#### Problem statement:
Pictures in the listing below are skipped, while the lines from the "Inside, the open-concept" line through the "Government of Pakistan" line are returned word for word.

#### Given data:
▼

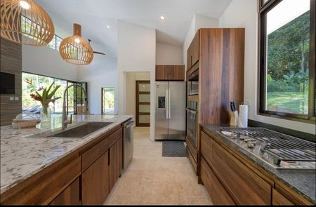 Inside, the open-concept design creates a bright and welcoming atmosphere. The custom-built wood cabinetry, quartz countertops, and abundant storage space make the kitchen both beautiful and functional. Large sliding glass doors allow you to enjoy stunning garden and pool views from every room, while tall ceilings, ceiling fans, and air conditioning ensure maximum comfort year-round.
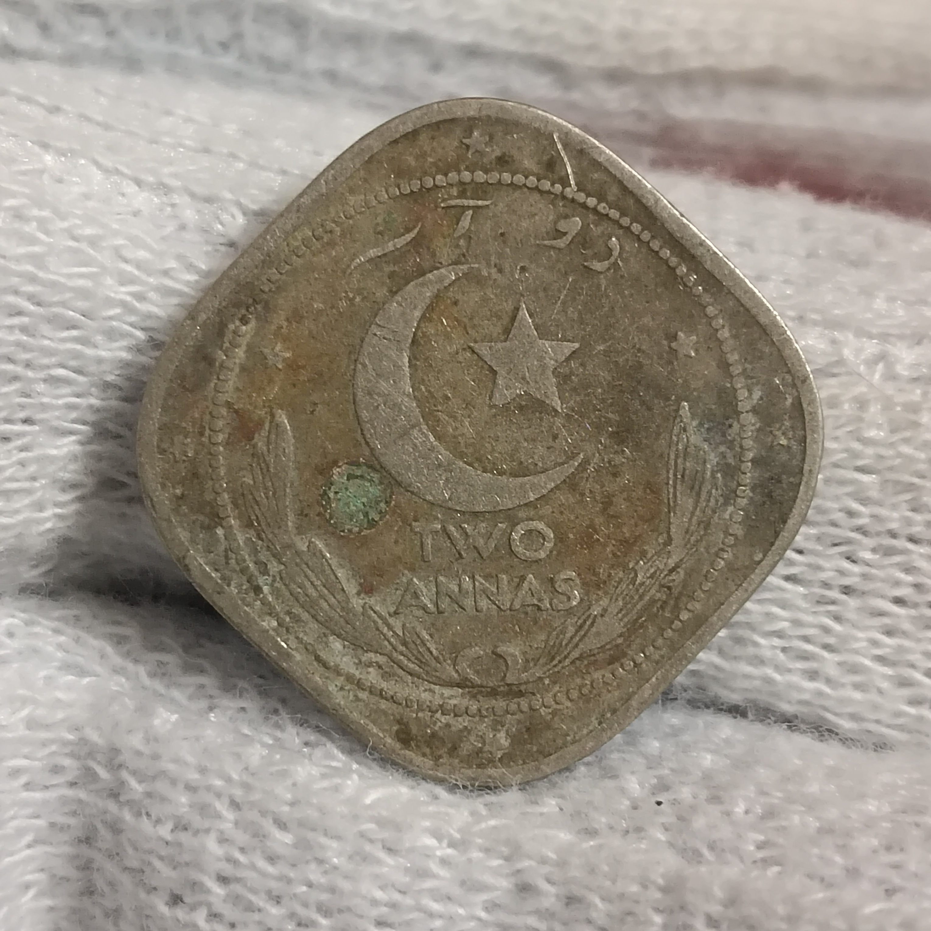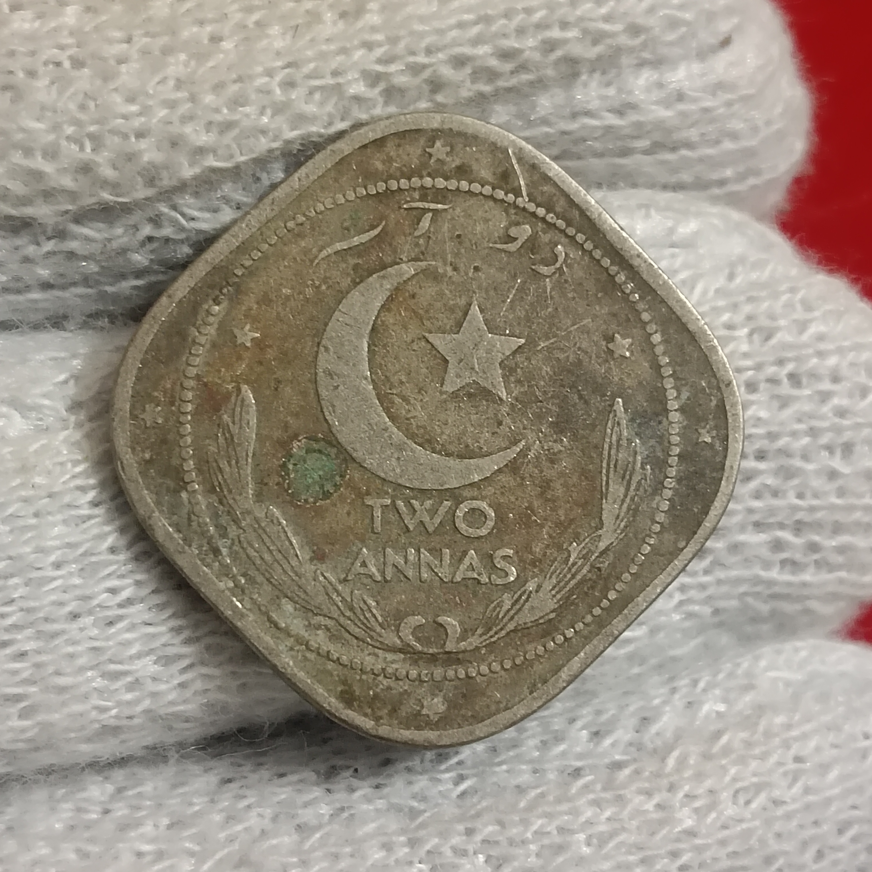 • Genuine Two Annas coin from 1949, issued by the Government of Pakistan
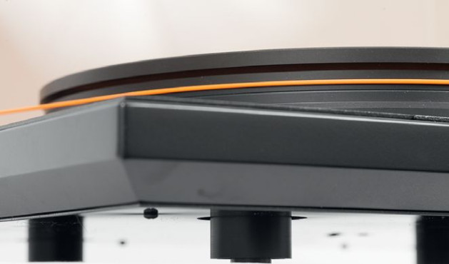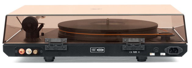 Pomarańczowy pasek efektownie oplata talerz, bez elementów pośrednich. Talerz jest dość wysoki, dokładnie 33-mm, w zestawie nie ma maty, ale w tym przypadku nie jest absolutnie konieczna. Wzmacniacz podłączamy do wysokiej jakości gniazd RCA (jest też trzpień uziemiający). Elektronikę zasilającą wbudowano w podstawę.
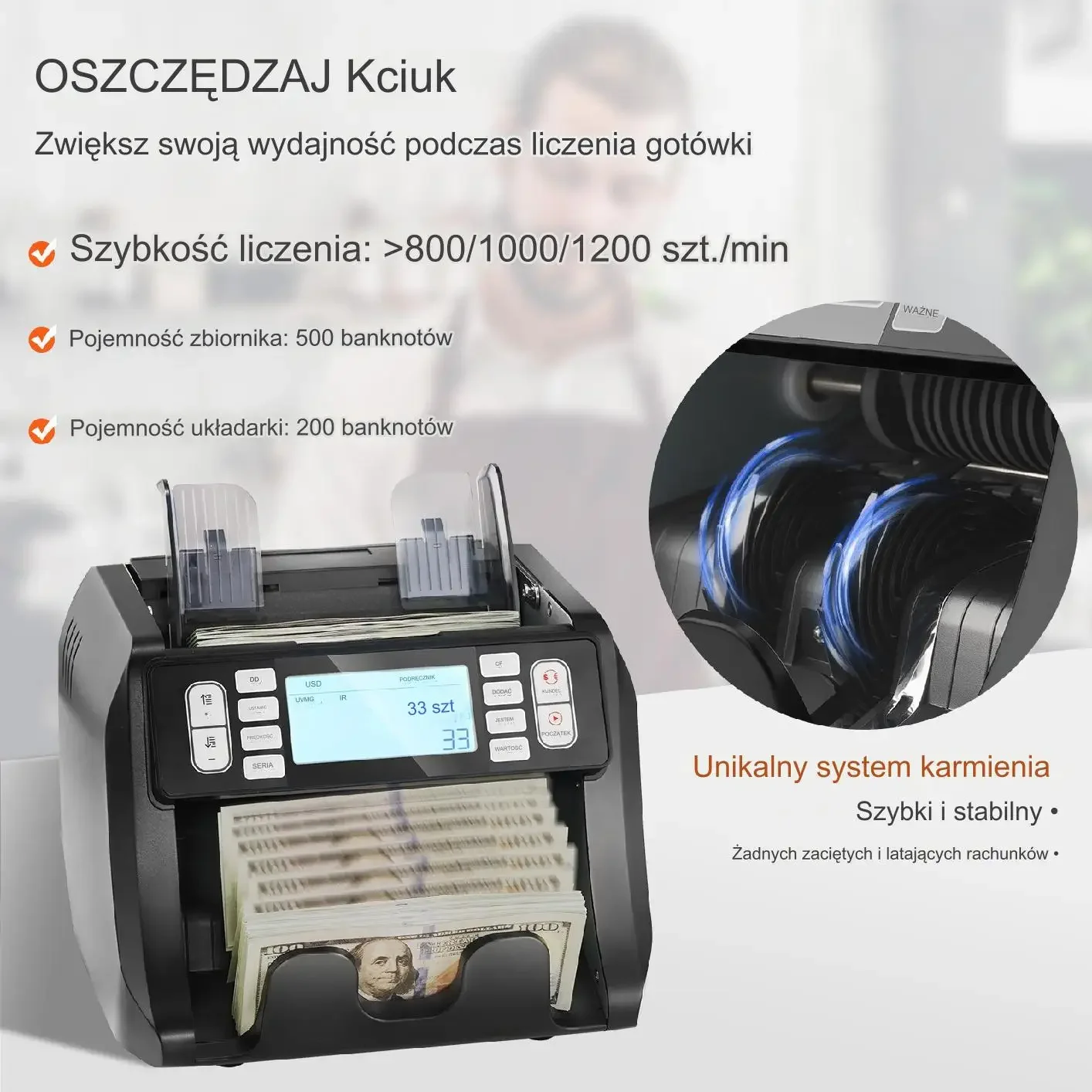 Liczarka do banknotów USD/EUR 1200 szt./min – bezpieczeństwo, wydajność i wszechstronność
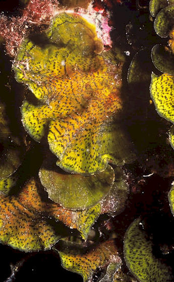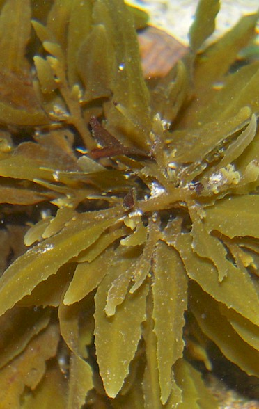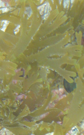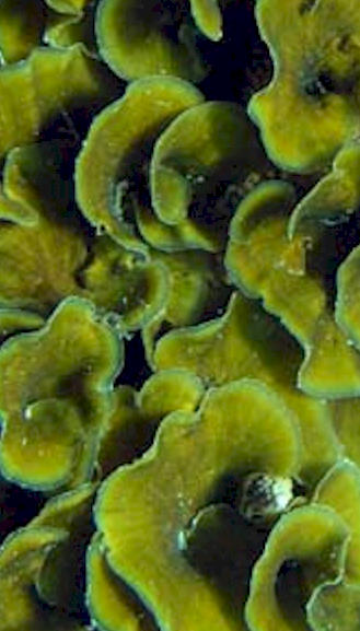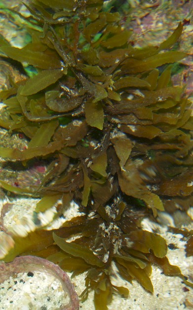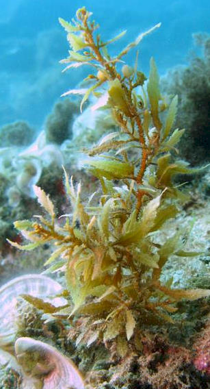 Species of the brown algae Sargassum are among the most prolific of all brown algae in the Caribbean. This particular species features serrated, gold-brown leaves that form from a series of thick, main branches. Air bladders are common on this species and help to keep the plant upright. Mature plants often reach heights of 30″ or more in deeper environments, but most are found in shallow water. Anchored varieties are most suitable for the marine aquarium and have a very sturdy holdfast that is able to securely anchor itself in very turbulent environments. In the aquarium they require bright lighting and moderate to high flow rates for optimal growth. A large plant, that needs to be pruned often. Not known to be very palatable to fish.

▲
▼

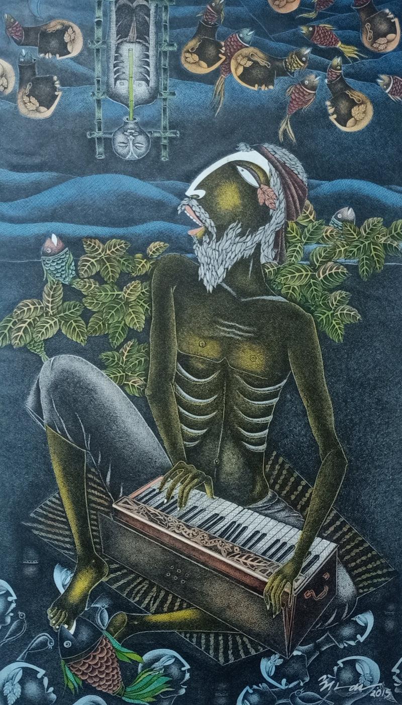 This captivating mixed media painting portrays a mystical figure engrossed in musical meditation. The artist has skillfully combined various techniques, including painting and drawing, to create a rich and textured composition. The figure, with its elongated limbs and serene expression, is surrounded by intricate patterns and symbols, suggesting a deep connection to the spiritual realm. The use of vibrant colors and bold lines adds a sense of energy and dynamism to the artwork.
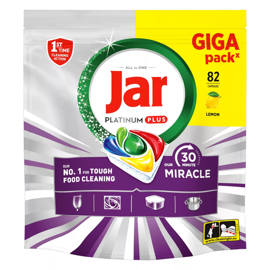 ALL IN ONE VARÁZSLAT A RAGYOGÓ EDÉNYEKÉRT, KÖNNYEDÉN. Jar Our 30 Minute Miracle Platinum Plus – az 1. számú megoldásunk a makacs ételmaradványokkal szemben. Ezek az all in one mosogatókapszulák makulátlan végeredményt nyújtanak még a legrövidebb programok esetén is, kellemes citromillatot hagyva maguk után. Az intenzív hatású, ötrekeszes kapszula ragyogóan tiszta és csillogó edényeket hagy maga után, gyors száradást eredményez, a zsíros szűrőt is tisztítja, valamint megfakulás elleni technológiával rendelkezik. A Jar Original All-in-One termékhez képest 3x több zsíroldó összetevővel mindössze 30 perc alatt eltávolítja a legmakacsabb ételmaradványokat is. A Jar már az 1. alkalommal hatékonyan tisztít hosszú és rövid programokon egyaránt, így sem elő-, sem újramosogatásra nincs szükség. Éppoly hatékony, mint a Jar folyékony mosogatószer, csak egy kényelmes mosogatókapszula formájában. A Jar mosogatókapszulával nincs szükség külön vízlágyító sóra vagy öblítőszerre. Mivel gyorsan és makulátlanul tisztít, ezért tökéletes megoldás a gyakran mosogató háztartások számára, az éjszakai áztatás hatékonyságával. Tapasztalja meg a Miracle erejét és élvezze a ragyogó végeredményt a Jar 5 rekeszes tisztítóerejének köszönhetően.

▲

#### Answer to this exercise:
 Inside, the open-concept design creates a bright and welcoming atmosphere. The custom-built wood cabinetry, quartz countertops, and abundant storage space make the kitchen both beautiful and functional. Large sliding glass doors allow you to enjoy stunning garden and pool views from every room, while tall ceilings, ceiling fans, and air conditioning ensure maximum comfort year-round.
 • Genuine Two Annas coin from 1949, issued by the Government of Pakistan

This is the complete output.